Oracle has reported sales of $7.59bn in the three months ending 31 August, up 50% on the same period the year before and above average analyst forecasts of $7.32bn.
Earnings of 42 cents a share were up 38% on the previous year, beating the forecast average of 37 cents.
Net income rose 20%, new software license sales rose 25% to $1.29bn, sales of new database and middleware licenses rose 32%to $937m, and business applications licensing revenues increased 10% to $349m.
The results restored faith to technology sector investors shaken by Intel's recent revenue shortfall warning, according to the Financial Times.

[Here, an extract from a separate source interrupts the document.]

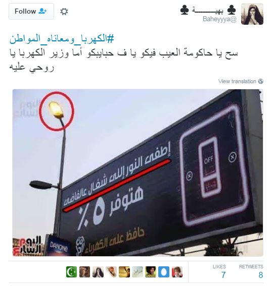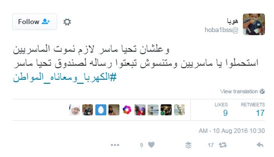 وتداول مغردون أزمة الكهرباء، عبر مواقع التواصل الاجتماعي، ودشنوا هاشتاج “#الكهربا_ومعاناة_المواطن” ، علقوا من خلاله بتغريدات غاطبة تارة وساخرة تارة، من أزمة الكهرباء وحلول الحكومة الغير رشيدة في حلول الأزمات

Oracle's shares rose 4% in extended trading in New York to $26.40.
Oracle's earnings indicate corporate spending has supplanted consumers as the main driver of demand for computers and software, analysts said.
Corporate technology spending will increase 2.9% in 2010 to more than $2.4 trillion, after a 5.9% decline in 2009, according to research firm Gartner.

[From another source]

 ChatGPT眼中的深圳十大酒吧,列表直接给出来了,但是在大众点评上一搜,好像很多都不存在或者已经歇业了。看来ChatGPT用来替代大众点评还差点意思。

Chief executive Larry Ellison (pictured) said Oracle had achieved its aim of profitability at Sun Microsystems, which it acquired in January for $7.3bn.
"We can dramatically improve margins and double the top line," chief executive officer Larry Ellison said, without giving a timeframe.
According to analysts, Oracle is counting on hardware to bring growth and is assembling more pre-packaged systems that combine its software with Sun servers.